Cosmological simulations of dwarfs: the need for ISM physics beyond SN feedback alone
Matthew C. Smith (1, 2), Debora Sijacki (1), Sijing Shen (3) ((1), IoA/KICC, Cambridge, (2) CCA, Flatiron Institute, (3) ITA, Oslo)

TL;DR
This study uses high-resolution cosmological simulations to show that supernova feedback alone is insufficient to regulate dwarf galaxy properties, highlighting the need for additional ISM physics such as turbulent support and stellar feedback mechanisms.
Contribution
The paper demonstrates that supernova feedback alone cannot account for dwarf galaxy regulation in cosmological simulations, emphasizing the importance of other physical processes.
Findings
SN feedback often insufficient in dwarf galaxies, leading to excessive stellar mass and compactness.
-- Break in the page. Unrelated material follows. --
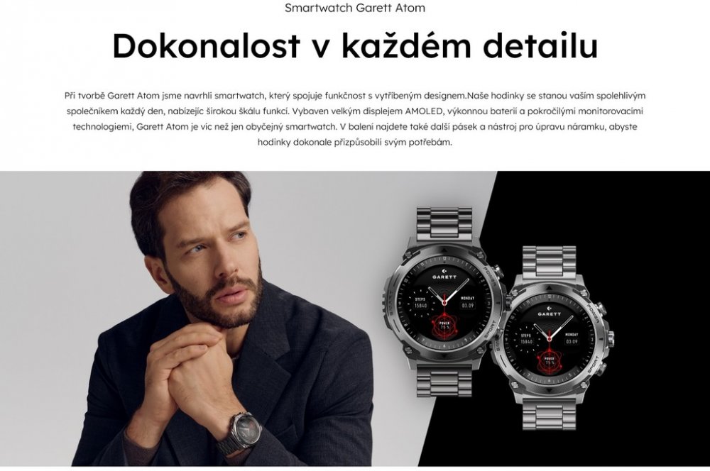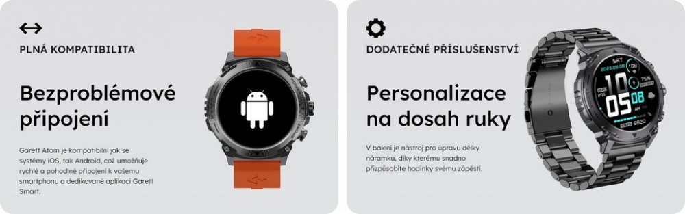 Při navrhování modelu Garett Atom jsme vytvořili chytré hodinky, které nabízejí řadu doplňkových funkcí. Spojili jsme plnou funkčnost s unikátním, elegantním designem, aby se naše hodinky staly vaším ideálním společníkem na každý den. Velký AMOLED displej, odolná baterie a pokročilé monitorovací funkce jsou jen zlomkem jeho možností. V balení najdete pásek navíc a zařízení na zkrácení náramku, díky kterému si hodinky dokonale přizpůsobíte svým potřebám.

Dense gas buildup prior to SN events reduces feedback effectiveness.
Results are robust against resolution and background variations.
Abstract
The dominant feedback mechanism in low mass haloes is usually assumed to take the form of massive stars exploding as supernovae (SNe). We perform very high resolution cosmological zoom-in simulations of five dwarf galaxies to z = 4 with our mechanical SN feedback model. This delivers the correct amount of momentum corresponding to the stage of the SN remnant evolution resolved, and has been shown to lead to realistic dwarf properties in isolated simulations. We find that in 4 out of our 5 simulated cosmological dwarfs, SN feedback has insufficient impact resulting in excessive stellar masses, extremely compact sizes and central super-solar stellar metallicities. The failure of the SN feedback in our dwarfs is physical in nature within our model and is the result of the build up of very dense gas in the early universe due to mergers and cosmic inflows prior to the first SN occurring. We…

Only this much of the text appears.